All that is needed is an exact copy of the lines from the beginning of the data below through the line containing "Buy_Krisha Sunny Ramani_Green", minus the pictures.

(Beginning of Provided material)

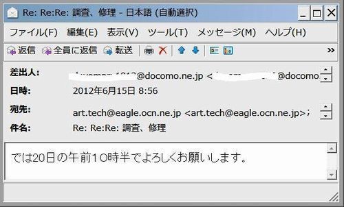その後外出をしてしまい、ご返事が遅くなり失礼しました。
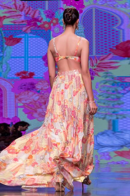 Buy_Krisha Sunny Ramani_Green Crepe Sequins, Embroidery Floral Print Cowl Draped Blouse With Slit Skirt _Online_at_Aza_Fashions
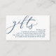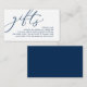 Celebrate the beginning of your journey together with our elegantly Navy Blue crafted "gifts" wedding invitation enclosed card. Featuring a sophisticated blend of modern script and romantic allure, each card is meticulously designed to convey the essence of your special day. Perfectly suited for couples seeking a unique way to share their honeymoon dreams, this card invites your loved ones to contribute towards unforgettable experiences. Whether nestled in a luxurious envelope or presented alongside your wedding invitations, our card adds a touch of enchantment to your celebration, promising cherished memories that last a lifetime. Designed by TeeshaDerrick.
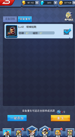 装备回收可以回收装备,回收装备之后可以获得相应数量的金币和勇气币。同时装备重生可以通过消耗装备重生石将已培养的装备进行回收返还全部的养成资源。
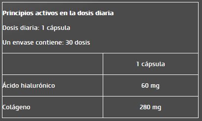 - Proporciona 60 mg de ácido hialurónico y 280 mg de colágeno marino por dosis.
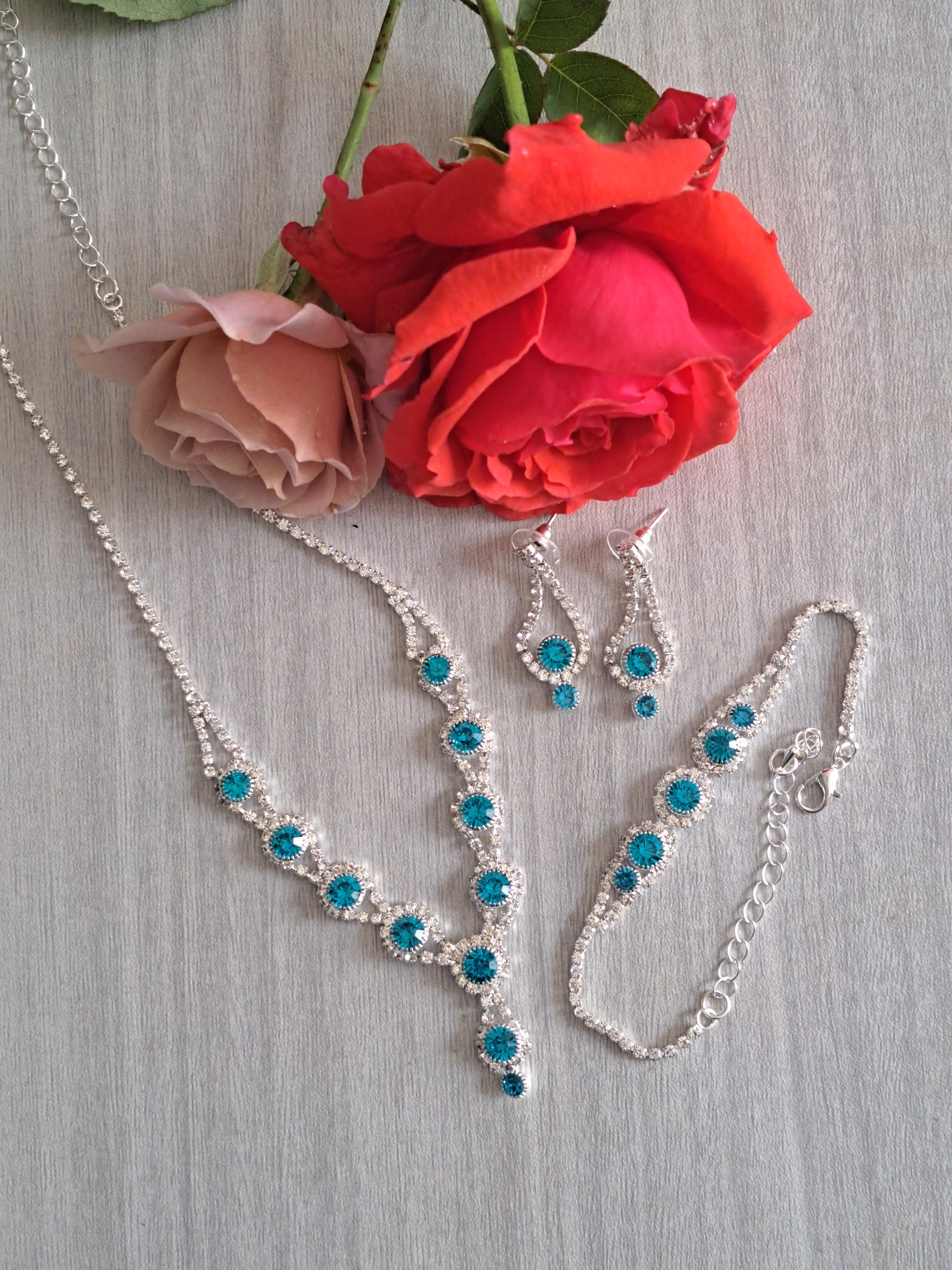 This three-piece collection features a necklace, bracelet, and matching earrings, each designed with vivid blue crystal-style stones framed in shimmering silver-tone detail.
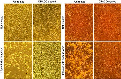 實驗室試驗發現,該藥會定向追蹤感染細胞,讓它們自毀。這種名叫DRACO的藥物能治愈的疾病名單包括人鼻病毒(引起半數成人和幾乎所有兒童感冒的細菌)、流感、小兒麻痹癥、一種腸胃細菌和致命的革登熱。除此以外,它還有望治愈麻疹和風疹、唇皰疹、狂犬病,這種新藥可能會在10年內出現在藥店的貨架上。
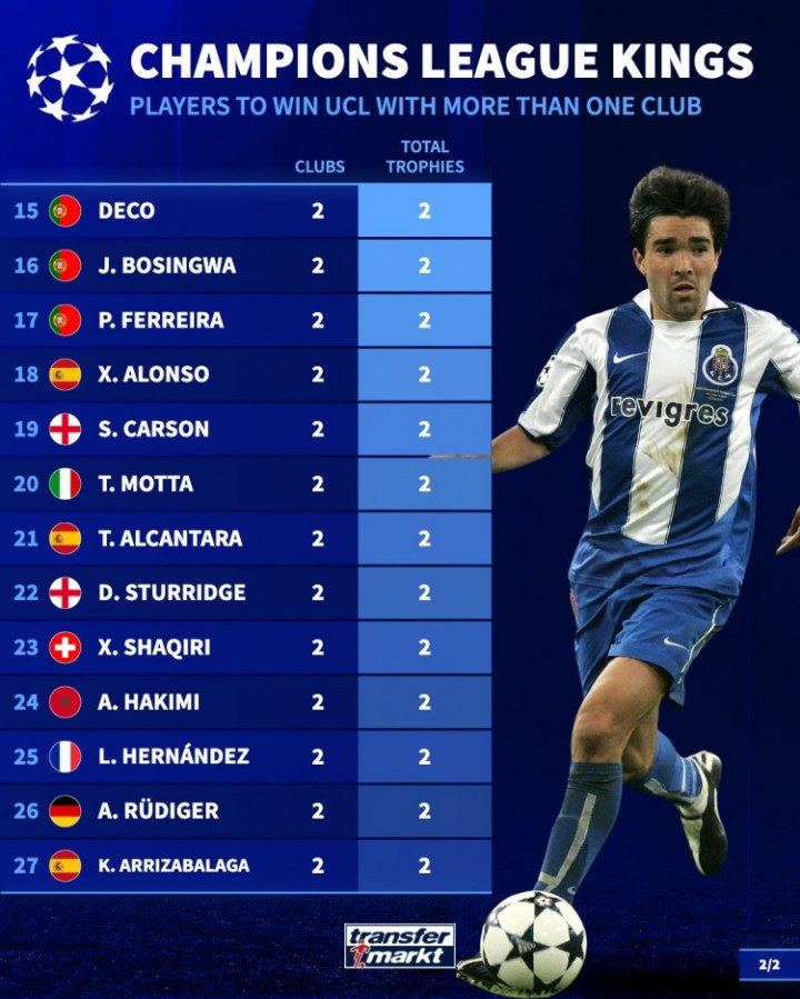 卢卡斯·埃尔南德斯(2家俱乐部)——2冠

(End of Provided material)

(Your solution)
その後外出をしてしまい、ご返事が遅くなり失礼しました。
 Buy_Krisha Sunny Ramani_Green Crepe Sequins, Embroidery Floral Print Cowl Draped Blouse With Slit Skirt _Online_at_Aza_Fashions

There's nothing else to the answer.